The shock I had suffered must have sharpened all my senses; I felt sure,
at the end of three days and as the result of mere closer
attention, that I had not been
practiced upon by the servants nor made the object of any "game." Of whatever
it was that I knew, nothing was known around me.
There was but one sane inference:
someone had taken a liberty rather gross. That was what, repeatedly, I
dipped into my room and locked the door to say to
myself. We had been, collectively,
subject to an intrusion; some unscrupulous traveler, curious in old houses,
had made his way in unobserved, enjoyed the prospect
from the best point of view,
and then stolen out as he came. If he had given me such a bold hard stare,
that was but a part of his indiscretion. The good thing, after
all, was that we should surely
see no more of him.
This was not so good a thing,
I admit, as not to leave me to judge that what, essentially, made nothing
else much signify was simply my charming work. My charming
work was just my life with Miles
and Flora, and through nothing could I so like it as through feeling that
I could throw myself into it in trouble. The attraction of my
small charges was a constant
joy, leading me to wonder afresh at the vanity of my original fears, the
distaste I had begun by entertaining for the probable gray prose
of my office. There was to be
no gray prose, it appeared, and no long grind; so how could work not be
charming that presented itself as daily beauty? It was all the
romance of the nursery and the
poetry of the school room. I don't mean by this, of course, that we studied
only fiction and verse; I mean I can express no otherwise
the sort of interest my companions
inspired. How can I describe that except by saying that instead of growing
used to them— and it's a marvel for a governess: I call
the sisterhood to witness!—
I made constant fresh discoveries. There was one direction, assuredly,
in which these discoveries stopped: deep obscurity continued to cover the
region of the boy's conduct at school. It had been promptly given me, I
have noted, to face that mystery without a pang. Perhaps even it would
be nearer the truth to say that— without a word— he himself had cleared
it up. He had made the whole charge absurd. My conclusion bloomed there
with the real rose flush of his innocence: he was only too fine and fair
for the little horrid, unclean school world, and he had paid a price for
it. I reflected acutely that the sense of such differences, such superiorities
of quality, always, on the part of the majority— which could include even
stupid, sordid headmasters— turns infallibly to the vindictive.

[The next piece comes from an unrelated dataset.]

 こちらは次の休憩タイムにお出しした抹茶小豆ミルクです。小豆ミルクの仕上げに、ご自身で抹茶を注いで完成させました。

Both the children had a gentleness
(it was their only fault, and it never made Miles a muff) that kept them—
how shall I express it? almost impersonal and certainly quite unpunishable.

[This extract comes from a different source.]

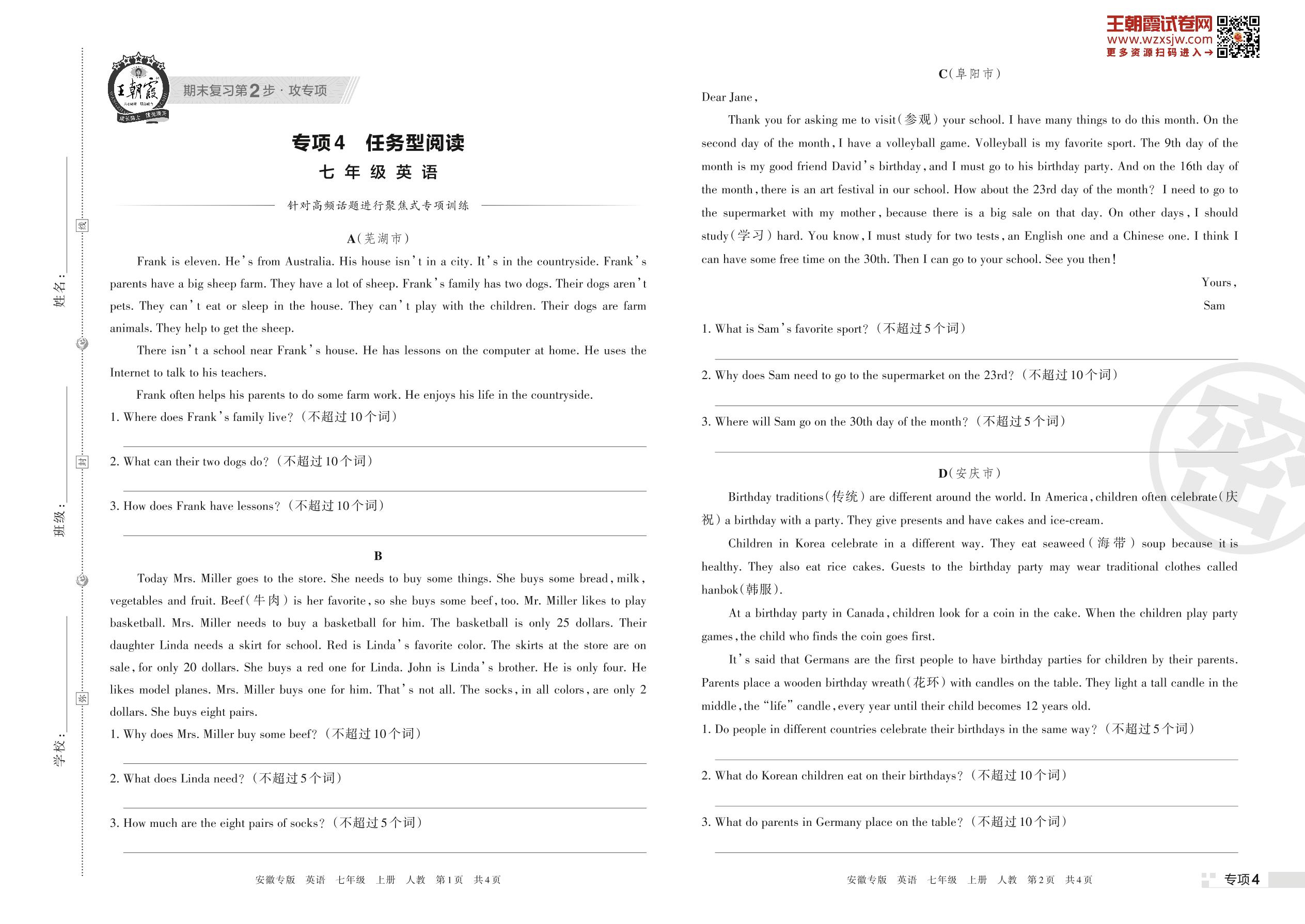 王朝霞期末专项卷——任务型阅读七年级上册英语(人教版)【4】

They were like the cherubs of the anecdote, who had— morally, at any rate—
nothing to whack! I remember feeling with Miles in especial as if he had
had, as it were, no history. We expect of a small child a scant one, but
there was in this beautiful little boy something extraordinarily sensitive,
yet extraordinarily happy, that, more than in any creature of his age I
have seen, struck me as beginning anew each day. He had never for a second
suffered. I took this as a direct disproof of his having really been chastised.
If he had been wicked he would have "caught" it, and I should have caught
it by the rebound— I should have found the trace. I found nothing at all,
and he was therefore an angel. He never spoke of his school, never mentioned
a comrade or a master; and I, for my part, was quite too much disgusted
to allude to them. Of course I was under the spell, and the wonderful part
is that, even at the time, I perfectly knew I was. But I gave myself up
to it; it was an antidote to any pain, and I had more pains than one. I
was in receipt in these days of disturbing letters from home, where things
were not going well. But with my children, what things in the world mattered?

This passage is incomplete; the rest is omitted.